In ward 1, the ANC councillor died. In the resulting by-election in February 2023, Ferguson Moses retained the seat for the party, which had taken the seat from the Democratic Alliance (DA) in 2021. The Patriotic Alliance (PA) gained significant support to finish in third place.

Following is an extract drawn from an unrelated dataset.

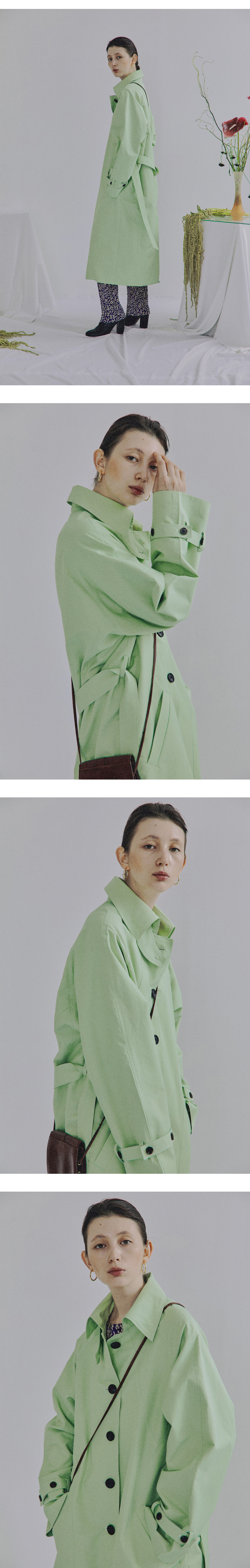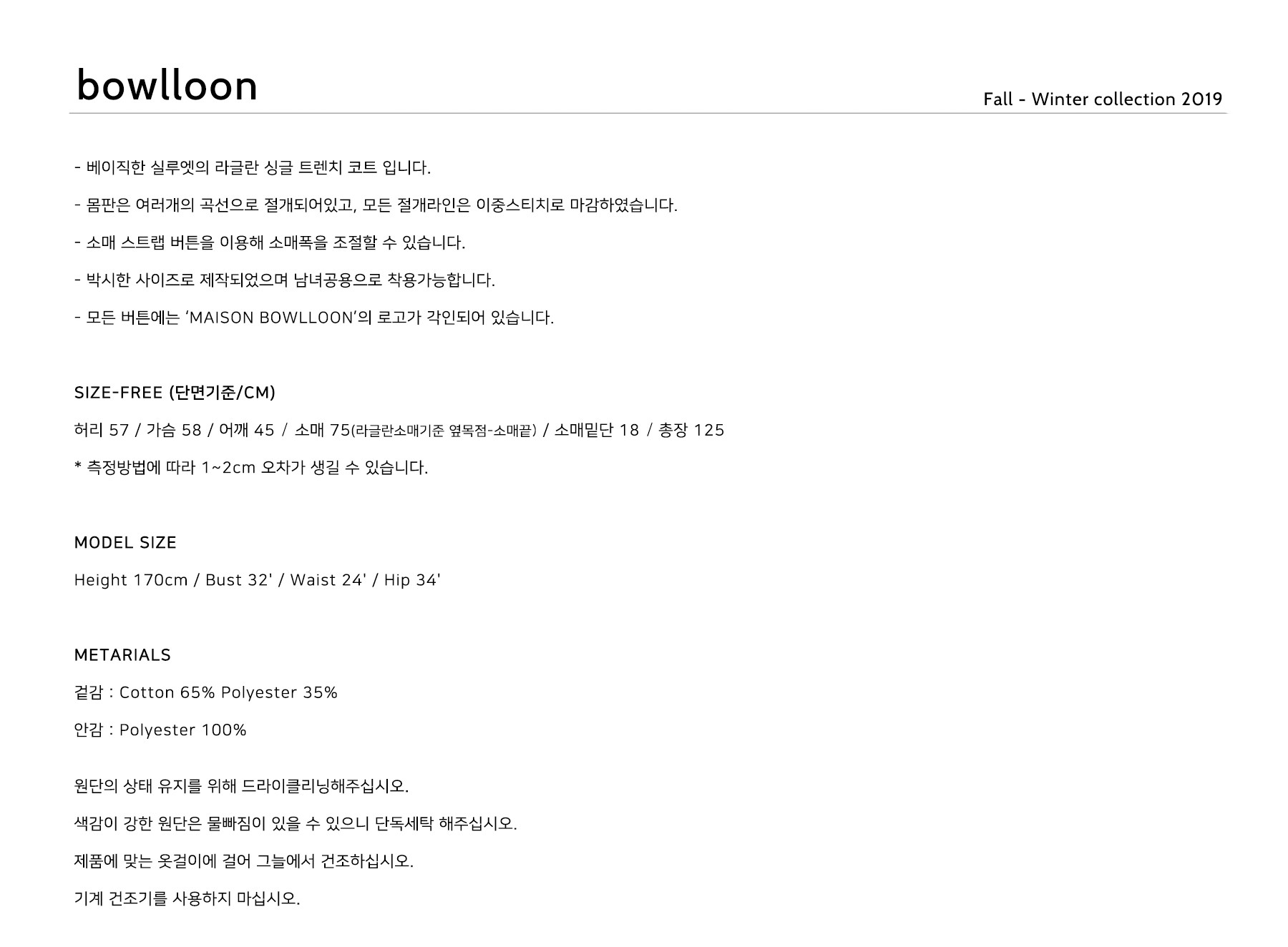베이직한 실루엣의 라글란 싱글 트렌치 코트입니다. 몸판은 여러개의 곡선으로 절개되어있고, 모든 절개라인은 이중스티치로 마감하였습니다. 소매 스트랩 버튼을 이용해 소매폭을 조절할 수 있습니다. 박시한 사이즈로 제작되어 남녀공용으로 착용 가능합니다. 모든 버튼에는 'MAISON BOWLLOON'로고가 각인되어 있습니다.

Moses defected to the Patriotic Alliance, resulting in a by-election held in October 2023. He retained the seat, the first by-election win in the Northern Cape for the PA. The DA candidate defected to the PA after nominations had closed, the third candidate to move from the DA to the PA in 2023. The election also saw the by-election debut of Build One South Africa, whose candidate received 1% of the vote.

As a result of the October 2023 by-election, the ANC lost its majority in the municipality and formed a governing coalition with Good. The party reclaimed the seat in July 2025.